I think it is fine to move TFIDFSimilarity/ClassicSimilarity to misc/. Another
option is to fold them into one class and clean up the abstractions, fix them
to use this encoding too. TFIDFSimilarity was really just a migration thing
(its the pre-4.x Similarity api basically). It is kinda like a rotting
abstraction/tech debt since it has fallen behind. But I think these days for a
custom TF/IDF-like scoring, you'd just use Similarity or SimilarityBase so that
you have all the index statistics and so on? Worth a thought.
When can the old tables and backwards compatibility logic be removed from e.g.
BM25Similarity?
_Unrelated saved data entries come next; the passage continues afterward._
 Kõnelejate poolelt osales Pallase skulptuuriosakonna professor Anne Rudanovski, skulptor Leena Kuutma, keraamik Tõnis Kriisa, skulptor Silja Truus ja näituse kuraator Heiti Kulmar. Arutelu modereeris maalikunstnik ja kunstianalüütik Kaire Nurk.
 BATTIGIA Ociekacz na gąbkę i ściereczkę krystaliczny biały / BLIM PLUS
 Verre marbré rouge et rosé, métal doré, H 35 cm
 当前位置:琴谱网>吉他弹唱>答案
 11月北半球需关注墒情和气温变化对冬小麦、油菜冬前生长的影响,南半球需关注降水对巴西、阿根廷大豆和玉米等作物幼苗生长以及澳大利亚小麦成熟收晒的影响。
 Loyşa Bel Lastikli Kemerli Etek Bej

I think that part is important.
> Better encode length normalization in similarities
> --------------------------------------------------
>
> Key: LUCENE-7730
> URL: https://issues.apache.org/jira/browse/LUCENE-7730
> Project: Lucene - Core
> Issue Type: Task
> Reporter: Adrien Grand
> Attachments: LUCENE-7730.patch, LUCENE-7730.patch, LUCENE-7730.patch
>
>
> Now that index-time boosts are gone (LUCENE-6819) and that indices record the
> version that was used to create them (for backward compatibility,
> LUCENE-7703), we can look into storing the length normalization factor more
> efficiently.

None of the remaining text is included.